===== Data segment
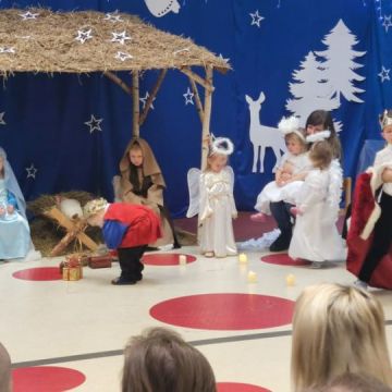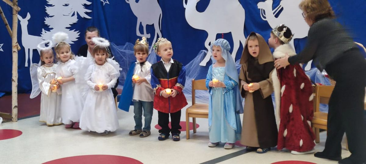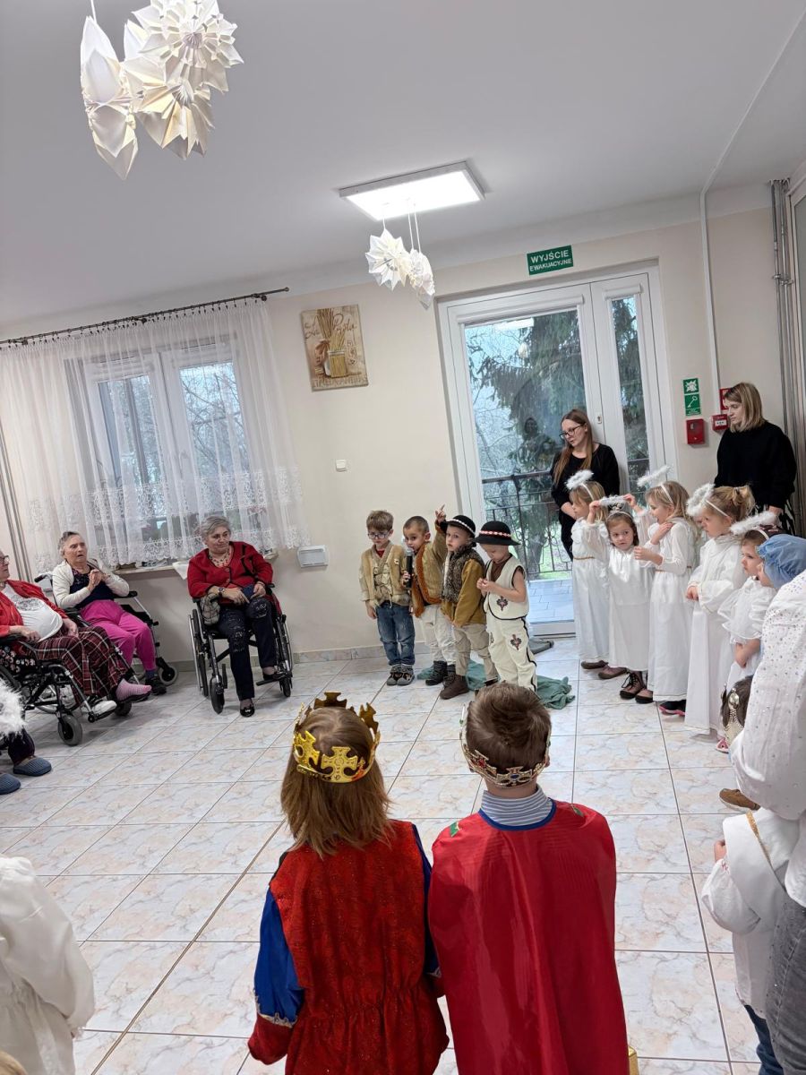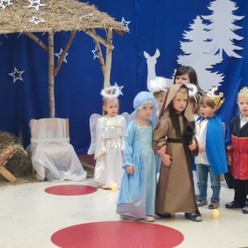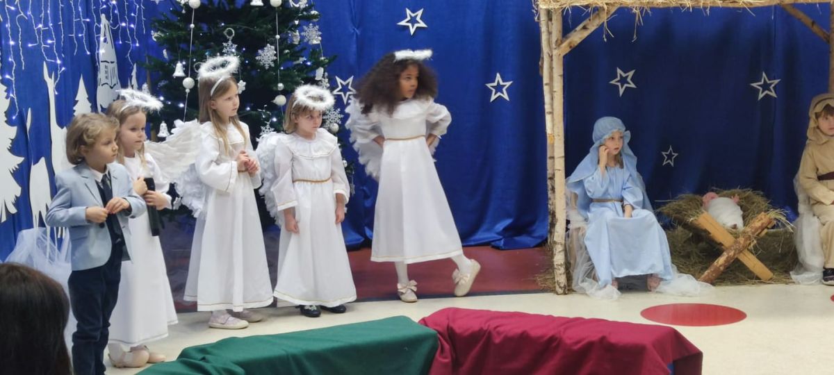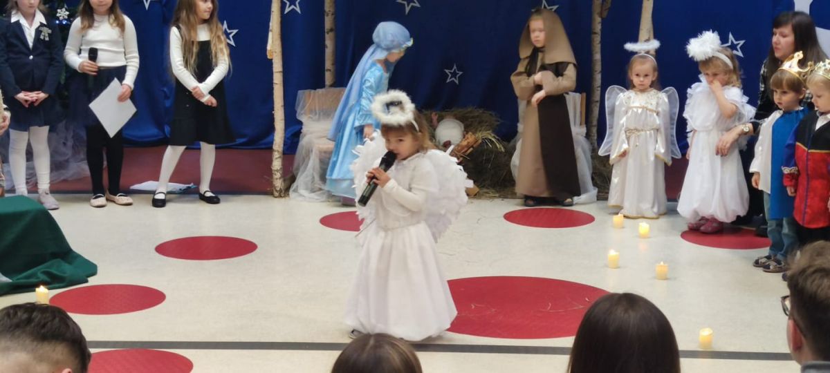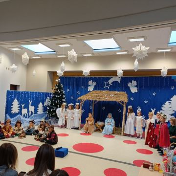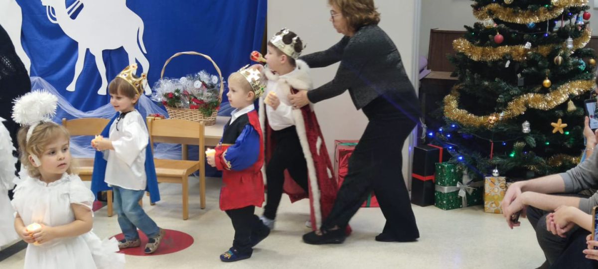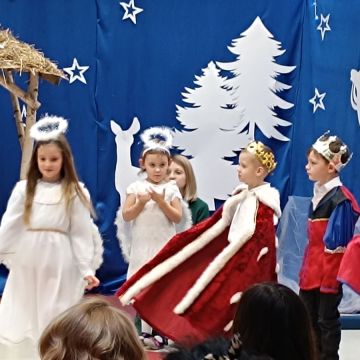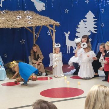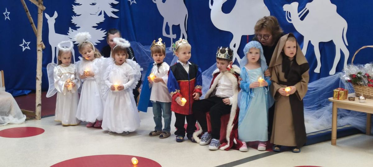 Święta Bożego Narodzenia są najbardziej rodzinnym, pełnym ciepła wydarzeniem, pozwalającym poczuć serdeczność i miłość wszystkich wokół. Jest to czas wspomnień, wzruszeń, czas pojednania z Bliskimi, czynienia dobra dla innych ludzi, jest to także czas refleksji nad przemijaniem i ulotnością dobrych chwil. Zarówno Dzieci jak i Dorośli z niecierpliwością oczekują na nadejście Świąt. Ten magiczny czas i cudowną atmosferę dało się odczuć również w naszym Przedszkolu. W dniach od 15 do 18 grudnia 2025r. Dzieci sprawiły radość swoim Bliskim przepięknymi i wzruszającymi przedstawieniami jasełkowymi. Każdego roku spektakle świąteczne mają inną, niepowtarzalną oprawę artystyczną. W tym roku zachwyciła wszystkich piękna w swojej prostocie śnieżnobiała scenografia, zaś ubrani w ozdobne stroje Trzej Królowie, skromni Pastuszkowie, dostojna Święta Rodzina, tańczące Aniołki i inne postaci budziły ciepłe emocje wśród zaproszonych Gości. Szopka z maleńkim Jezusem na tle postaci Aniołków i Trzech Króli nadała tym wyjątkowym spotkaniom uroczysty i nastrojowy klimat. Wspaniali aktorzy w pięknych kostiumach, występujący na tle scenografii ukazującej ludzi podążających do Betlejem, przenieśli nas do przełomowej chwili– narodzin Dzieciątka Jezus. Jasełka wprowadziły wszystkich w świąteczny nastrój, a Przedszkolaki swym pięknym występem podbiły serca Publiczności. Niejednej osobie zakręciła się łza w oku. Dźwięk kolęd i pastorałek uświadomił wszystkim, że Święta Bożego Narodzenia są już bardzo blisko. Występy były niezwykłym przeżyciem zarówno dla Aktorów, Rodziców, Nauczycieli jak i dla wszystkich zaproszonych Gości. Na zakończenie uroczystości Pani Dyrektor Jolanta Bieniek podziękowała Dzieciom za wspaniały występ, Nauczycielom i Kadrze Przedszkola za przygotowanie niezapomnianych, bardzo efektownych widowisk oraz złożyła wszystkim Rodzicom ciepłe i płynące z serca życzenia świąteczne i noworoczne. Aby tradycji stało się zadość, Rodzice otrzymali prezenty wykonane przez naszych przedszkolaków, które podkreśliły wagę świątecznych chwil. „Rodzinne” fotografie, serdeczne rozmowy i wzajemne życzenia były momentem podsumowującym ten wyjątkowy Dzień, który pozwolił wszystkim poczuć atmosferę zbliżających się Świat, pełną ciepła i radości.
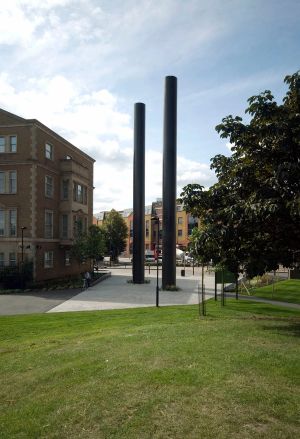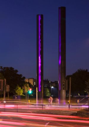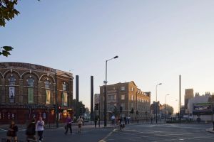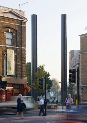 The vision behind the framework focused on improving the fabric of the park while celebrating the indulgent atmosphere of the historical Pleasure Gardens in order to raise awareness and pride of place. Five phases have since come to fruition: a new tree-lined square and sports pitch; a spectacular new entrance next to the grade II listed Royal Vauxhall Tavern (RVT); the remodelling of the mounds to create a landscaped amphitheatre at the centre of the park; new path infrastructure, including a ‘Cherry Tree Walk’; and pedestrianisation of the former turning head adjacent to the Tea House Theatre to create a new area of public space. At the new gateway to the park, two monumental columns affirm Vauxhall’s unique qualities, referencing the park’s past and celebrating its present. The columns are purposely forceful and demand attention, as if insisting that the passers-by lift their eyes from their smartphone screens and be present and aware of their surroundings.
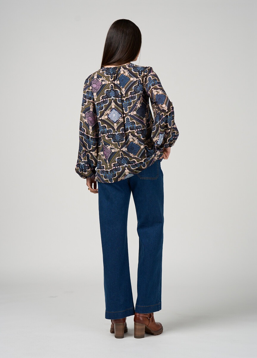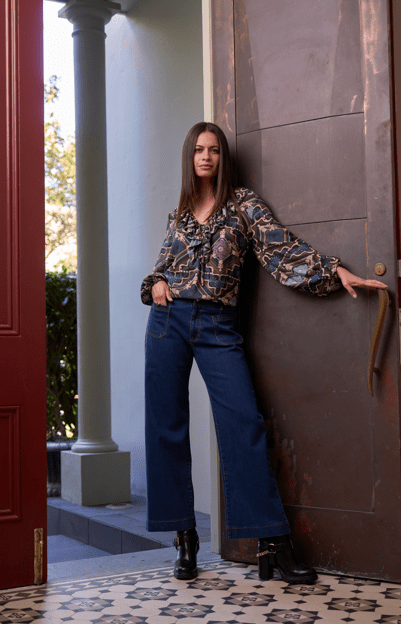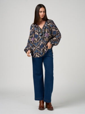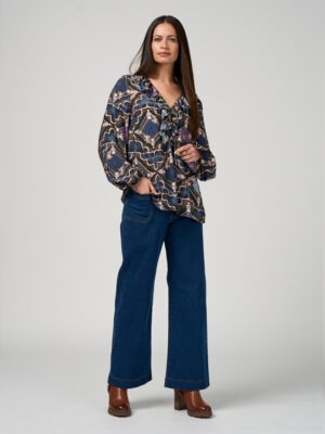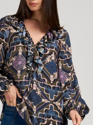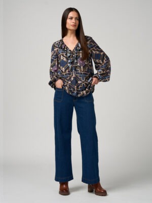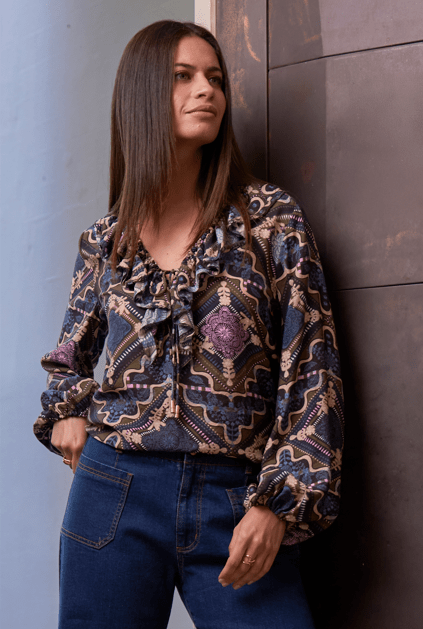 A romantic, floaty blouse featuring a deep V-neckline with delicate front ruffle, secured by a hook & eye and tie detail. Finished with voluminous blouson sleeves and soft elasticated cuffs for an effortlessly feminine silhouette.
==========
Brief ::
Please transcribe the listing exactly as it stands, but omit its pictures.

Output ::
 Święta Bożego Narodzenia są najbardziej rodzinnym, pełnym ciepła wydarzeniem, pozwalającym poczuć serdeczność i miłość wszystkich wokół. Jest to czas wspomnień, wzruszeń, czas pojednania z Bliskimi, czynienia dobra dla innych ludzi, jest to także czas refleksji nad przemijaniem i ulotnością dobrych chwil. Zarówno Dzieci jak i Dorośli z niecierpliwością oczekują na nadejście Świąt. Ten magiczny czas i cudowną atmosferę dało się odczuć również w naszym Przedszkolu. W dniach od 15 do 18 grudnia 2025r. Dzieci sprawiły radość swoim Bliskim przepięknymi i wzruszającymi przedstawieniami jasełkowymi. Każdego roku spektakle świąteczne mają inną, niepowtarzalną oprawę artystyczną. W tym roku zachwyciła wszystkich piękna w swojej prostocie śnieżnobiała scenografia, zaś ubrani w ozdobne stroje Trzej Królowie, skromni Pastuszkowie, dostojna Święta Rodzina, tańczące Aniołki i inne postaci budziły ciepłe emocje wśród zaproszonych Gości. Szopka z maleńkim Jezusem na tle postaci Aniołków i Trzech Króli nadała tym wyjątkowym spotkaniom uroczysty i nastrojowy klimat. Wspaniali aktorzy w pięknych kostiumach, występujący na tle scenografii ukazującej ludzi podążających do Betlejem, przenieśli nas do przełomowej chwili– narodzin Dzieciątka Jezus. Jasełka wprowadziły wszystkich w świąteczny nastrój, a Przedszkolaki swym pięknym występem podbiły serca Publiczności. Niejednej osobie zakręciła się łza w oku. Dźwięk kolęd i pastorałek uświadomił wszystkim, że Święta Bożego Narodzenia są już bardzo blisko. Występy były niezwykłym przeżyciem zarówno dla Aktorów, Rodziców, Nauczycieli jak i dla wszystkich zaproszonych Gości. Na zakończenie uroczystości Pani Dyrektor Jolanta Bieniek podziękowała Dzieciom za wspaniały występ, Nauczycielom i Kadrze Przedszkola za przygotowanie niezapomnianych, bardzo efektownych widowisk oraz złożyła wszystkim Rodzicom ciepłe i płynące z serca życzenia świąteczne i noworoczne. Aby tradycji stało się zadość, Rodzice otrzymali prezenty wykonane przez naszych przedszkolaków, które podkreśliły wagę świątecznych chwil. „Rodzinne” fotografie, serdeczne rozmowy i wzajemne życzenia były momentem podsumowującym ten wyjątkowy Dzień, który pozwolił wszystkim poczuć atmosferę zbliżających się Świat, pełną ciepła i radości.
 The vision behind the framework focused on improving the fabric of the park while celebrating the indulgent atmosphere of the historical Pleasure Gardens in order to raise awareness and pride of place. Five phases have since come to fruition: a new tree-lined square and sports pitch; a spectacular new entrance next to the grade II listed Royal Vauxhall Tavern (RVT); the remodelling of the mounds to create a landscaped amphitheatre at the centre of the park; new path infrastructure, including a ‘Cherry Tree Walk’; and pedestrianisation of the former turning head adjacent to the Tea House Theatre to create a new area of public space. At the new gateway to the park, two monumental columns affirm Vauxhall’s unique qualities, referencing the park’s past and celebrating its present. The columns are purposely forceful and demand attention, as if insisting that the passers-by lift their eyes from their smartphone screens and be present and aware of their surroundings.
 A romantic, floaty blouse featuring a deep V-neckline with delicate front ruffle, secured by a hook & eye and tie detail. Finished with voluminous blouson sleeves and soft elasticated cuffs for an effortlessly feminine silhouette.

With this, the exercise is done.